** Problem to work on **
Omit the images. Reproduce each line of the records exactly as it appears.

+++

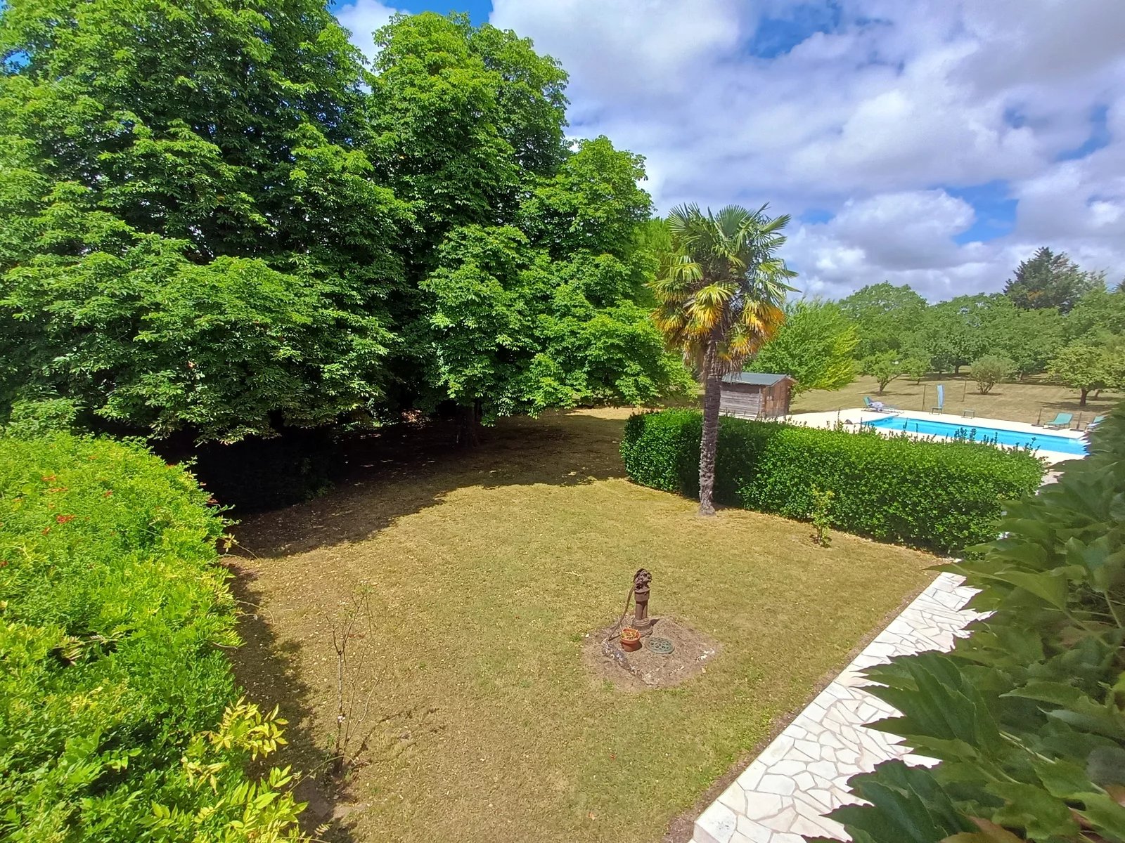 The grounds are a delight, offering over 7,000 m² of enclosed gardens. A flourishing orchard brings seasonal bounty, while the pool enjoys the sunny microclimate of this corner of southwest France. Mature trees, well-kept lawns, and private gates create a sense of seclusion without isolation.
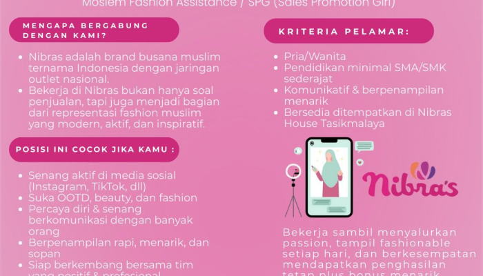 Apakah Anda gemar tampil stylish dan aktif di media sosial seperti Instagram atau TikTok? Inilah saatnya mengubah hobi Anda menjadi penghasilan tetap! Nibras House Tasikmalaya sedang membuka kesempatan berkarir bagi Anda yang berjiwa muda dan inspiratif untuk bergabung sebagai Moslem Fashion Assistance (MFA) / SPG (Sales Promotion Girl).
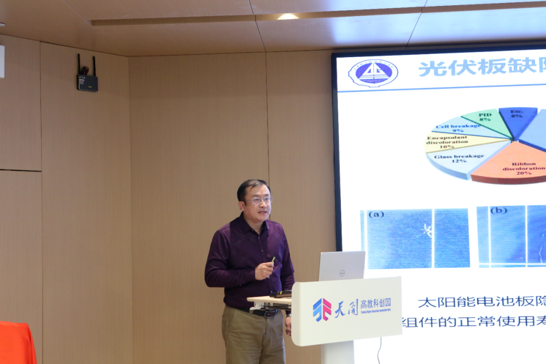 在报告环节中,丁玮博士作为联合科研团队的代表,根据企业的技术痛点,做了相关解决方案的研究报告,并与用户研讨了中试条件、项目运营等方面的问题,推动了新能源装备检测实训室科技转化和社会服务工作的进行。
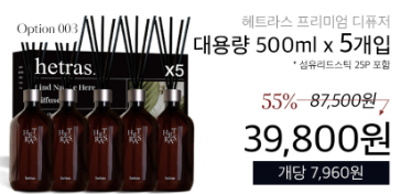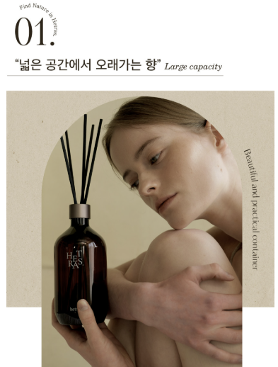 - 대용량 + 긴 지속력: 일반 디퓨저는 100~200ml 용량이 일반적이지만, 헤트라스는 500ml로 약 3~4개월 지속됩니다.
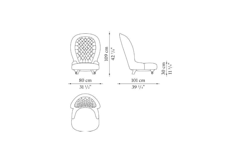 Pole Position diseñado por Luigi Caccia Dominioni para Azucena es un sillón, con tapizado disponible en diferentes materiales. Pies en madera maciza lacada, ruedas delanteras en aluminio pintado.
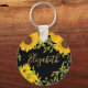 These simple yellow sunflowers personalised keychain has hand drawn watercolor flowers and a gold editable name on a black background. Cute and useful, too!
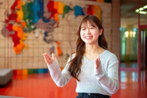 2年生の菱田美月さんは、海外で働きたいという思いや、アジア文化への関心をきっかけに名古屋商科大学 国際学部へ進学しました。留学に向けた準備や、日々の学び、そしてサークル活動についてお話を伺いました。
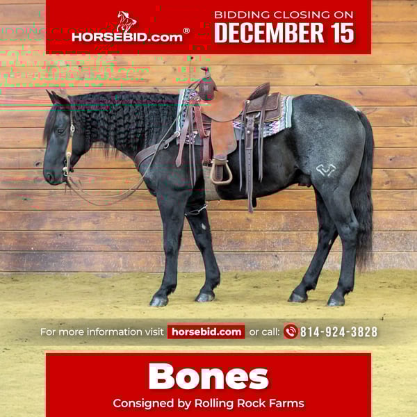 🎄𝐓𝐇𝐄 𝑯𝒐𝒍𝒊𝒅𝒂𝒚 𝐂𝐋𝐀𝐒𝐒𝐈𝐂🎄 Happening now thru MONDAY | DECEMBER 15th - Available EXCLUSIVELY on HorseBid's website! For more details and to register visit: www.Horsebid.com CONSIGNOR CONTACT: Rolling Rock Farms 814-924-3828 LOCATION: Miola, Pa BREED: Quarter Horse REGISTERED: Yes REGISTERED NAME: WHIPP HANCOCK BURKE COLOR: Blue Roan HEIGHT: 15 AGE: 7 GENDER: Gelding Bones is a registered Quarter Horse gelding who is as attractive as they come. He has a strong and sturdy build with an eye catching presence and a long full mane and tail that make him stand out anywhere he goes. At fifteen hands tall he is a comfortable size for most riders and easy to sit on and handle. He is seven years old and in the prime of his life. Bones is well broke and enjoyable to ride. He neck reins correctly and moves off leg pressure willingly. He will side pass, ride around nicely in the arena, and carry himself with a steady head whether you want him collected or relaxed with a level head. He has a smooth easy lope and will one step lope on the correct lead each way. He is the type of horse that feels reliable and consistent every time you swing a leg over him. He has been ridden outside a lot and handles new places with a calm mind. He goes through water, steps over brush and logs, and stays steady even with activity going on around him. He has been around dogs, chickens, goats, and farm traffic and stays quiet. He has also been used around cattle and does well when asked to sort or move them. Bones is easy to have in the barn or out in the pasture. He is simple and easy to catch, good to handle, and fits well in a group of horses. He recently had a complete health and soundness exam on 12/1/2025. He also sells with a current negative Coggins, recent deworming, and a rabies vaccine. Bones is the rare combination of young, well trained, gentle, and uncomplicated. He has the foundation, talent, and mind to go in any direction whether you want a reliable family horse, a performance prospect, a steady trail partner, or a versatile all around gelding with a truly exceptional temperament. He is the kind of horse that makes every day enjoyable and he has his entire future ahead of him. If you would like to check out Bones or have any questions please feel free to contact Ethan at (814) 924-3828
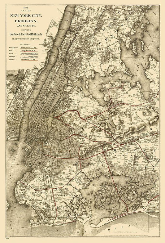 New York City, Brooklyn Elevated Railroad 1885 White Modern Wood Framed Art Print with Double Matting by Colton
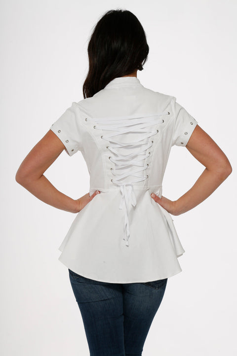 Bílý top s vysokým páskem od Orchid Bloom
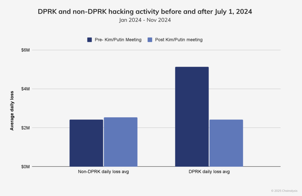According to blockchain analytics firm Chainalysis, illicit activity tied to North Korean cyber actors sharply declined after July 1, 2024, despite a surge in attacks earlier that year.
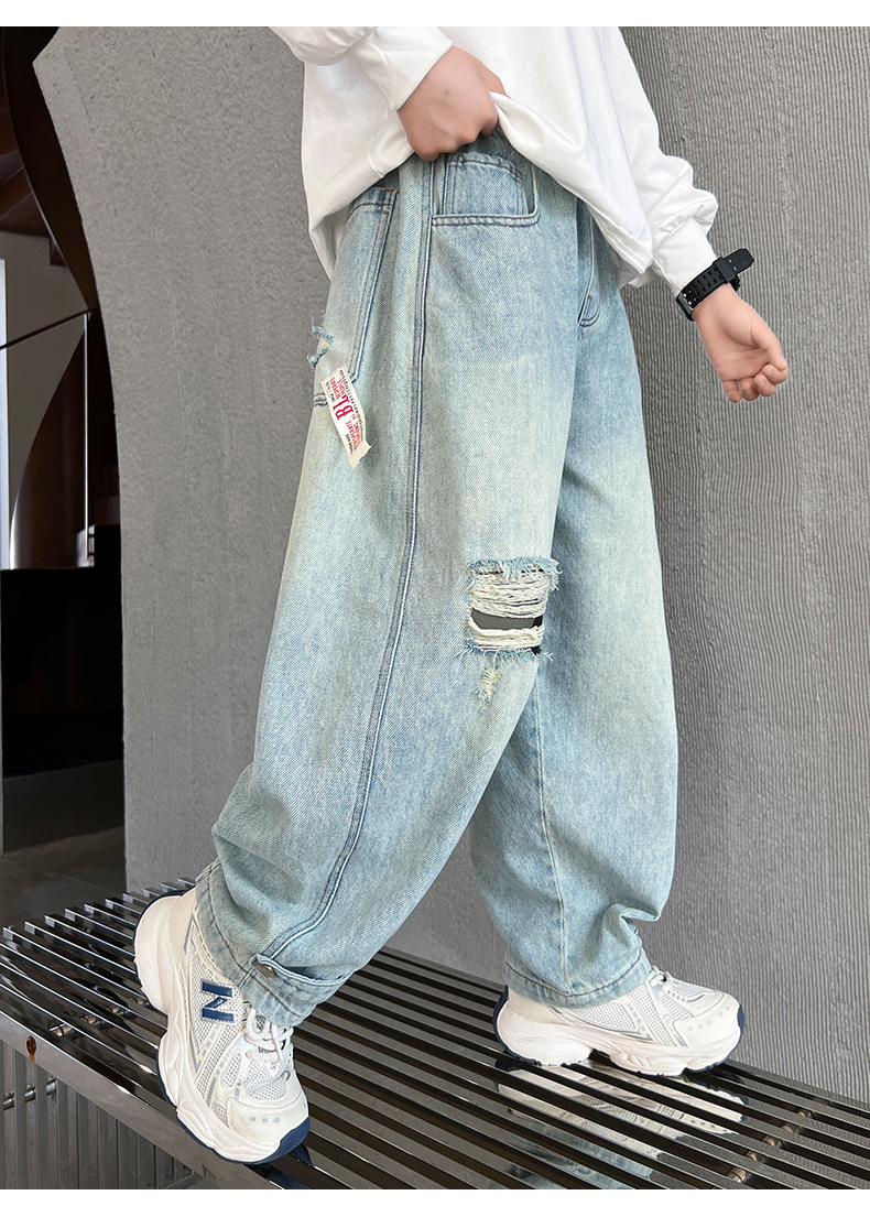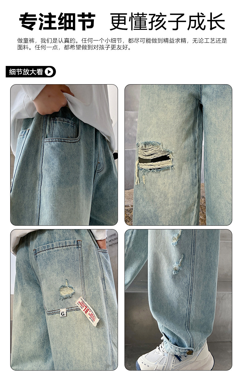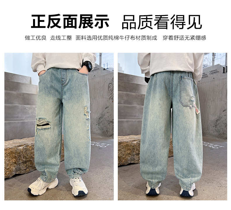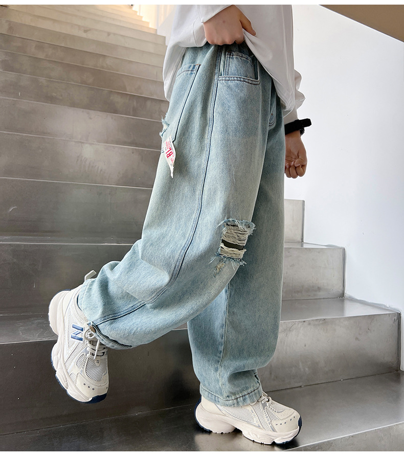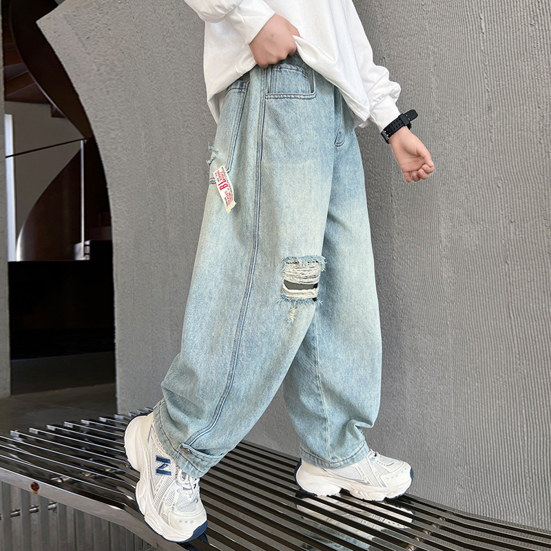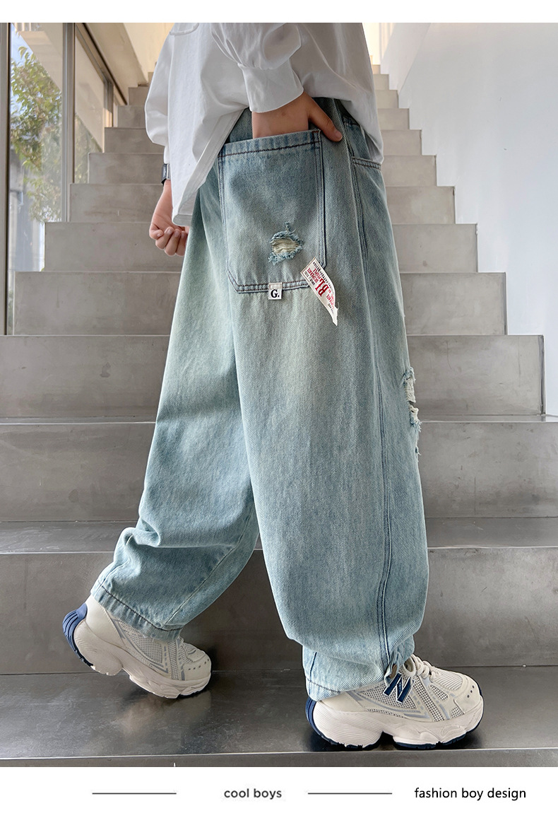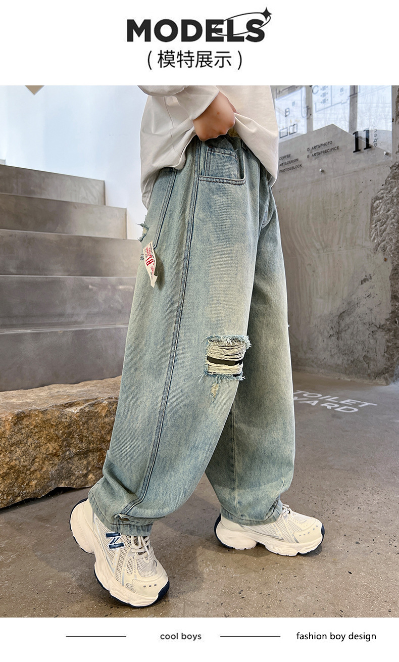 어린이 소년 봄 바지 2025 새로운 소년 바지 봄과 가을 청바지 캐주얼 중 큰 아이들스토어 가기

+++

** Answer space **
 The grounds are a delight, offering over 7,000 m² of enclosed gardens. A flourishing orchard brings seasonal bounty, while the pool enjoys the sunny microclimate of this corner of southwest France. Mature trees, well-kept lawns, and private gates create a sense of seclusion without isolation.
 Apakah Anda gemar tampil stylish dan aktif di media sosial seperti Instagram atau TikTok? Inilah saatnya mengubah hobi Anda menjadi penghasilan tetap! Nibras House Tasikmalaya sedang membuka kesempatan berkarir bagi Anda yang berjiwa muda dan inspiratif untuk bergabung sebagai Moslem Fashion Assistance (MFA) / SPG (Sales Promotion Girl).
 在报告环节中,丁玮博士作为联合科研团队的代表,根据企业的技术痛点,做了相关解决方案的研究报告,并与用户研讨了中试条件、项目运营等方面的问题,推动了新能源装备检测实训室科技转化和社会服务工作的进行。
 - 대용량 + 긴 지속력: 일반 디퓨저는 100~200ml 용량이 일반적이지만, 헤트라스는 500ml로 약 3~4개월 지속됩니다.
 Pole Position diseñado por Luigi Caccia Dominioni para Azucena es un sillón, con tapizado disponible en diferentes materiales. Pies en madera maciza lacada, ruedas delanteras en aluminio pintado.
 These simple yellow sunflowers personalised keychain has hand drawn watercolor flowers and a gold editable name on a black background. Cute and useful, too!
 2年生の菱田美月さんは、海外で働きたいという思いや、アジア文化への関心をきっかけに名古屋商科大学 国際学部へ進学しました。留学に向けた準備や、日々の学び、そしてサークル活動についてお話を伺いました。
 🎄𝐓𝐇𝐄 𝑯𝒐𝒍𝒊𝒅𝒂𝒚 𝐂𝐋𝐀𝐒𝐒𝐈𝐂🎄 Happening now thru MONDAY | DECEMBER 15th - Available EXCLUSIVELY on HorseBid's website! For more details and to register visit: www.Horsebid.com CONSIGNOR CONTACT: Rolling Rock Farms 814-924-3828 LOCATION: Miola, Pa BREED: Quarter Horse REGISTERED: Yes REGISTERED NAME: WHIPP HANCOCK BURKE COLOR: Blue Roan HEIGHT: 15 AGE: 7 GENDER: Gelding Bones is a registered Quarter Horse gelding who is as attractive as they come. He has a strong and sturdy build with an eye catching presence and a long full mane and tail that make him stand out anywhere he goes. At fifteen hands tall he is a comfortable size for most riders and easy to sit on and handle. He is seven years old and in the prime of his life. Bones is well broke and enjoyable to ride. He neck reins correctly and moves off leg pressure willingly. He will side pass, ride around nicely in the arena, and carry himself with a steady head whether you want him collected or relaxed with a level head. He has a smooth easy lope and will one step lope on the correct lead each way. He is the type of horse that feels reliable and consistent every time you swing a leg over him. He has been ridden outside a lot and handles new places with a calm mind. He goes through water, steps over brush and logs, and stays steady even with activity going on around him. He has been around dogs, chickens, goats, and farm traffic and stays quiet. He has also been used around cattle and does well when asked to sort or move them. Bones is easy to have in the barn or out in the pasture. He is simple and easy to catch, good to handle, and fits well in a group of horses. He recently had a complete health and soundness exam on 12/1/2025. He also sells with a current negative Coggins, recent deworming, and a rabies vaccine. Bones is the rare combination of young, well trained, gentle, and uncomplicated. He has the foundation, talent, and mind to go in any direction whether you want a reliable family horse, a performance prospect, a steady trail partner, or a versatile all around gelding with a truly exceptional temperament. He is the kind of horse that makes every day enjoyable and he has his entire future ahead of him. If you would like to check out Bones or have any questions please feel free to contact Ethan at (814) 924-3828
 New York City, Brooklyn Elevated Railroad 1885 White Modern Wood Framed Art Print with Double Matting by Colton
 Bílý top s vysokým páskem od Orchid Bloom
According to blockchain analytics firm Chainalysis, illicit activity tied to North Korean cyber actors sharply declined after July 1, 2024, despite a surge in attacks earlier that year.
 어린이 소년 봄 바지 2025 새로운 소년 바지 봄과 가을 청바지 캐주얼 중 큰 아이들스토어 가기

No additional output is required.